Aggravated DWI Charges — DL-7 Chapter 10
DWI with a child passenger under 15
DL-7 confirms: "DWI with passenger under 15 — Up to $10,000, 180 days to 2 years in state jail, 90 days to 2 years license suspension." This is a state jail felony.
Intoxication assault
DL-7 lists intoxication assault as a separate offense involving serious bodily injury caused by impaired driving — a state-jail-felony-level penalty per DL-7 Chapter 10.
Intoxication manslaughter
DL-7 describes intoxication manslaughter as the offense for impaired driving that causes death.
Implied Consent — Refusal Consequences
DL-7 Chapter 10 explains: drivers under arrest for DWI who refuse a breath or blood test face automatic ALR civil suspension. Refusal is admissible at trial as evidence of intoxication. The first refusal (for adults 21+) carries a 180-day driver license suspension, and subsequent refusals carry longer suspensions per DL-7 Chapter 1.
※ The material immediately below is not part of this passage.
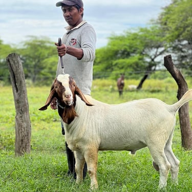 La raza Boer es referente mundial en producción de carne caprina por su rápido crecimiento, excelente conformación muscular y alta eficiencia productiva. Destaca por su rusticidad, adaptabilidad a climas exigentes y su capacidad de transmitir estas cualidades de forma consistente a su descendencia.

Drugs and Driving — DL-7 Chapter 9 & 10
Texas DWI law applies to any drug — illegal, prescription, or over-the-counter — that impairs your ability to drive safely. DL-7 explicitly warns about over-the-counter culprits (antihistamines, sleep aids, cold medicines) and recommends reading the warning label on any medication before driving.
What Counts as One Drink — DL-7 Chapter 10
DL-7 explains the body metabolizes alcohol at roughly one drink per hour. Coffee, food, cold showers, and exercise do not lower BAC — only time does. For BAC math, "one drink" is roughly:
- 12 oz of beer (about 5% alcohol)
- 5 oz of wine (about 12% alcohol)
- 1.5 oz of 80-proof spirits
What Doesn't Lower BAC
- Coffee or other caffeine
- Cold showers
- Eating after drinking (eating before slows absorption; eating after doesn't lower BAC)
- Vigorous exercise
Other Alcohol-Related Provisions
- Driving without a license, operating a vehicle without insurance, or other moving violations during a DWI suspension carry escalated charges per DL-7 Chapter 1 (Class A misdemeanor with fine up to $4,000).
- The Texas Alcohol Beverage Code (referenced in DL-7 Chapter 10) defines a minor as anyone under 21. A minor may not purchase, attempt to purchase, consume, or possess an alcoholic beverage — these non-driving alcohol offenses also carry Zero Tolerance penalties.
Plan a Ride Before You Drink
DL-7 Chapter 10's clearest message is also the simplest: plan a ride before you drink. A designated driver or rideshare costs less than even a first-offense DWI conviction. The handbook also notes that DWI convictions remain on a Texas driving record long-term and substantially raise insurance premiums.